- [Data]
:::::

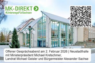 In der Reihe „MK-DIREKT“ besucht der Ministerpräsident des Freistaates Sachsen am Montag, dem 2. Februar 2026, Neustadt in Sachsen.
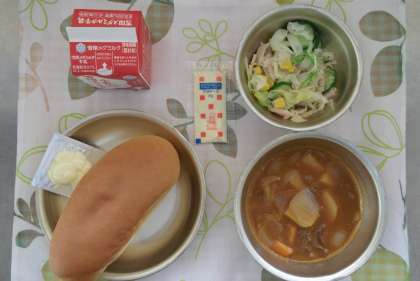 今日の給食は,トマトシチュー,ハムサンドの具,コッペパン,牛乳,かたチーズ、マヨネーズです。
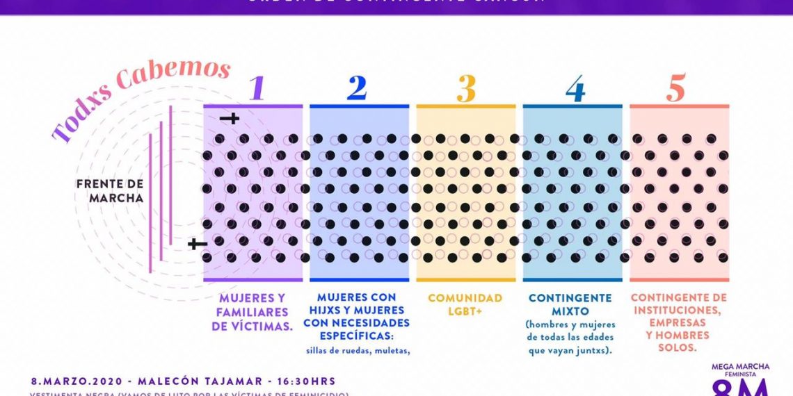 Las personas que deseen participar en la Mega Marcha Feminista deben acudir con vestimenta negra, carteles, flores o velas. El público en general tendrá un espacio para expresarse; se espera que asistan cientos de personas.

:::::

Please restate, word for word, the lines from the one with "今日の給食は,トマトシチュー" through the final line of the material, both included, and omit the pictures.

- [Answer space]
 今日の給食は,トマトシチュー,ハムサンドの具,コッペパン,牛乳,かたチーズ、マヨネーズです。
 Las personas que deseen participar en la Mega Marcha Feminista deben acudir con vestimenta negra, carteles, flores o velas. El público en general tendrá un espacio para expresarse; se espera que asistan cientos de personas.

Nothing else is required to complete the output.